There were occasional times I was able to give some
advice and share ideas that were a help to another young mother struggling in
her marriage or child-raising, but mostly, God had me just putting one foot in front
of the other, home-schooling my children, serving and loving my husband,
teaching Sunday School, using my talents and abilities to honour God. Trusting
him, waiting on him, learning from him.
I didn’t get those opportunities to speak and teach
and write on the subject of motherhood and marriage like I had hoped, and I
have come to realise that God had a better plan for my life, as he always does,
and that he wanted me to wait. He knew that I needed God-confidence, not
self-confidence.
You see, I was pretty confident in my ability to be a
mother and a good helpmeet to my husband. I was impressed at my own skills in
keeping house and training my children to speak kindly, sit quietly, be
respectful, cook and clean. But I can see, in hindsight, that a lot of my confidence
was in myself and my abilities.
I had neglected to develop my God-confidence. I needed
to learn to depend completely on God and his strength.
Psalm 118:8 -
It is better to trust in the LORD than to put confidence in man.
What I had done was to become confident in my own
abilities, somehow deluding myself into thinking it was all my own doing.
1 Corinthians
10:12 KJV - Wherefore let him that thinketh he standeth take heed lest he fall.
God, in his goodness, had to strip away a lot of that
confidence, through sickness and failure and times of humbling. He had to tear away
the pride that I had clothed myself in, revealing the real me, what lay underneath,
a woman in need of God-confidence. I needed the confidence that only he could give.
I needed a wholehearted trust and dependence on him. None of me, all of him.

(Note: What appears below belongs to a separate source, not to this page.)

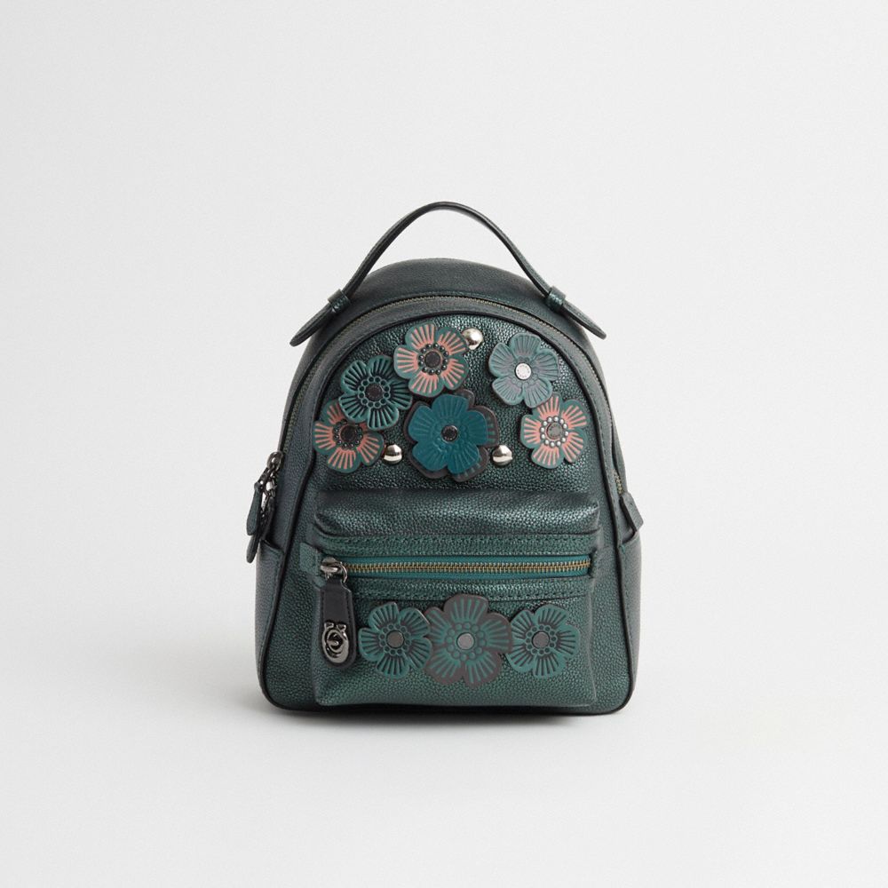 Reimagined by Savannah Sutton with an abundance of our dimensional Tea Rose appliqué in a dreamy coastal-inspired color palette, this hands-free style has been expertly cleaned, conditioned and restored. Our talented craftspeople Yngrid Pichardo Baez and Jose Reyna embellished the front and pocket with die-cut leather blooms and peek-a-boo rivets, repaired threading on the pocket and added a playful repurposed charm. The petite Campus Backpack 23 is crafted of polished pebble leather with a brilliant metallic sheen. It's designed with adjustable shoulder straps and an exterior pocket for easy access to essentials.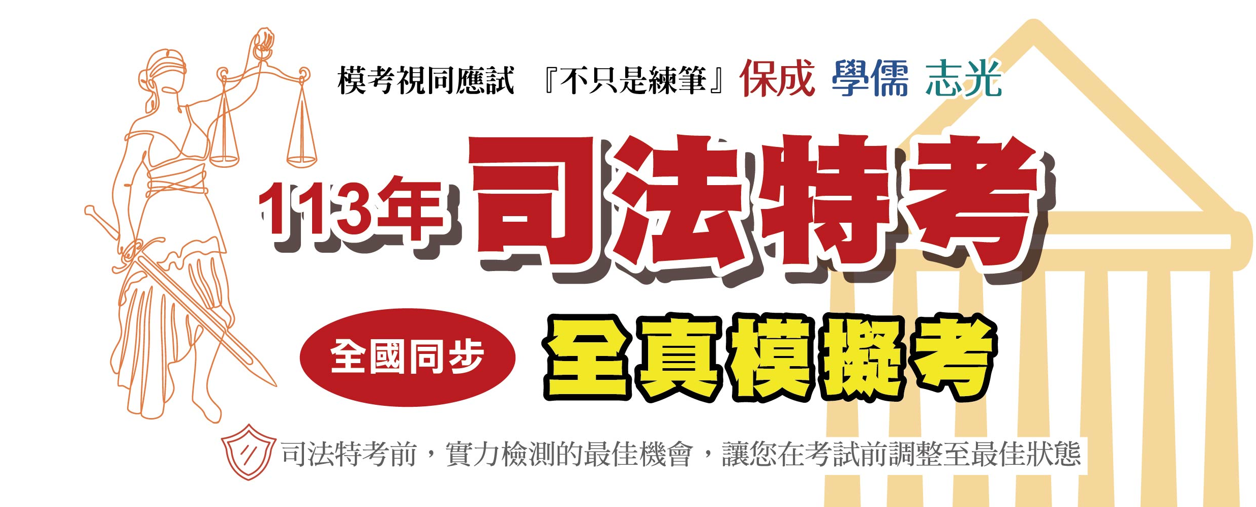 113司法四等特考全國模考,模擬司法正式考試,增加你考試的臨場感及自我學習進度的檢視,讓你在國考路上知彼知己‧百戰不殆

I needed to come to myself, as the prodigal son did in
the pig pen, realising his need of rescue, I had to get to the point where I
couldn’t do all those things I had boasted in (if only in the hidden places of my
heart) and I had to depend on him completely, no longer could I do it in my own
strength, I needed a Saviour, a stronger, trustworthy hand to hold on to.
Jeremiah 17:7
KJV - Blessed is the man that trusteth in the LORD, and whose hope the LORD is.
God-confidence has to begin with a personal
relationship with him.
The first thing you need in order to work on your
God-confidence, is to be one of his children. If you haven’t taken that first
step, then stop reading now. Find a Christian brother or sister you trust and learn
what you need to do to have eternal security and a home in Heaven.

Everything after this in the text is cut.